The "vague bullshit in between cute animations" approach really doesn't work at all for this type of product.
EDIT another: https://twitter.com/datapath_io/status/559741202342625280/ph...
But... what happens if datapath.io goes down?
https://www.youtube.com/watch?x-yt-ts=1422411861&feature=pla...
But, would this not break the internet if everyone used it? routing individual IPs (rather than large blocks) sounds like it would end in chaos?
Call me crazy, but I'm not sure I really care about keeping my IPs. Route 53 seems as close to bulletproof as we're going to find with DNS, and it's got cloud-independent failover routing built in.

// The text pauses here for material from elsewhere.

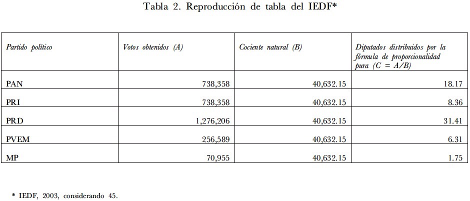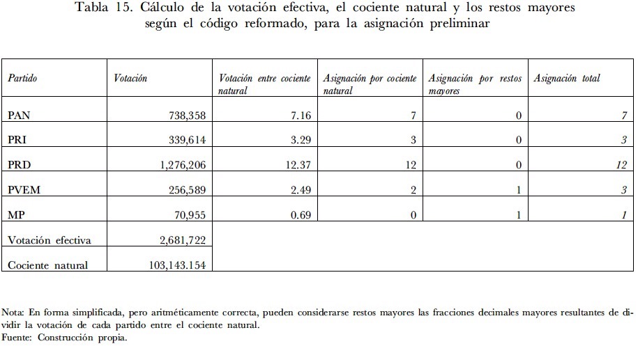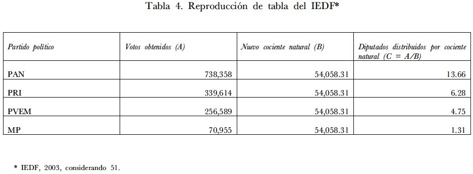 Al restar la votación del PRD a la votación total efectiva, el IEDF obtuvo una "nueva votación total efectiva" de 1, 405, 516 votos, y al dividir ésta entre 26 diputaciones de representación proporcional por asignar, obtuvo un "nuevo cociente natural" de 54, 058.31. Luego, "las votaciones de los institutos políticos con derecho a esta distribución" (con exclusión del PRD) fueron divididas entre "el nuevo cociente natural... dando como resultado el número de diputados... según el principio de representación proporcional que por cociente natural le corresponden a cada partido político" (tabla 4).10

Point the primary record at your nice little EC2 server, and have the secondary record pointing as Azure or Google Cloud or your mom's laptop, whatever, and it'll do what Datapath is doing without futzing with your routing. ...right?
How is the TTL not reliable?
In my personal experience DNS cut-overs have never been a problem. Is there any major OS or ISP doing DNS wrong?
Where is it physically located, what about congestion of the appliance itself, what are your peerings?
What does transit mean in this context; like between my VPC and your appliance? Can you give an example for e.g. an AWS region?
How is the appliance implemented, is it physical hardware, EC2 instances? Is it redundant, how do you scale it in terms of bandwidth?